A veces, las huidas no funcionan. La realidad se impone y debo quedarme, estar presente aunque todas mis células tiemblen por irse. A veces, incluso, debo erguirme y detener las mentiras. Todo el mundo miente. Yo no soy menos; al menos no me miento a mí misma. La última vez que tuve que detener la huida de otra persona es tan reciente que prácticamente es un presente. Para. Mírame. No me vale que me esquives, si quieres seguir haciéndolo debes decirme por qué. Sorprendentemente, funcionó. Ante mi muda perplejidad, escuché una reflexión tardía, tras algún desaire que sacudo de mi cabeza como una mosca diminuta. El llanto increíblemente suave, la declaración. "Voy a demostrarte que no quiero hacerte daño".

No acepto disculpas pero qué cerca estuve de aceptar esas. Y no por el daño, que había sido mínimo, sino porque fue la primera vez en muchísimos años que escuchaba unas disculpas sinceras. Sin tonterías, sin necedades, sin perseguir una caricia al ego. ¿Es esto lo que echaba de menos, el motivo por el que decidí rechazar cualquier disculpa? Ella, con E mayúscula, se disculpaba con los labios apretados en una línea recta. Él, con vocal mayúscula, se disculpaba con el reproche ardiendo en su boca. Las minúsculas, las mayúsculas, los acentos y los apodos, todo el mundo se disculpa con el pero por delante. Y lo comprendo, abandonar el ego para plegarse humildemente al juicio ajeno es demasiado complicado, puede que hasta humillante.
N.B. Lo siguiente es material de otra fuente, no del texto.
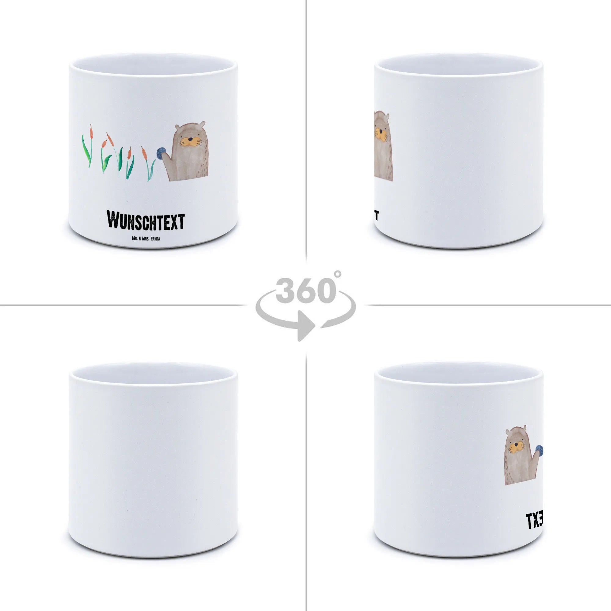 Wenn du auf der Suche nach dem perfekten Geschenk für einen Pflanzenliebhaber bist, dann ist der personalisierte XL Blumentopf "Otter mit Stein" aus der Otter-Kollektion von Mr. & Mrs. Panda genau das Richtige für dich! Dieser niedliche und einzigartige Blumentopf bringt nicht nur Freude, sondern erinnert auch daran, an seinen Zielen festzuhalten. Der liebevoll gestaltete Otter hält seinen Lieblingskieselstein hoch und vermittelt eine Botschaft, die einfach zum Schmunzeln anregt. Die Kombination aus verspieltem Design und dem humorvollen Spruch "Wenn du dich mal schlecht fühlst, denk daran: Seeotter haben eine kleine Tasche in ihrer Haut, in der sie ihren Lieblingskieselstein aufbewahren" sorgt dafür, dass jeder, der dieses Geschenk erhält, sich sofort besser fühlt!

En esa huida, decidí quedarme más allá de la necesidad. Recuperé un poco de fe, aún me dura el subidón de endorfinas emocionales. No tardará en bajar, porque no puedo parar de ver las mentiras e inexactitudes. Porque estoy siempre preparada para que me fallen.

Pero esta caricia genuina de Verdad se queda conmigo.

Quiero hablarte de esto, Remy. Vuelve a mí.

"Anatomía de un abrazo"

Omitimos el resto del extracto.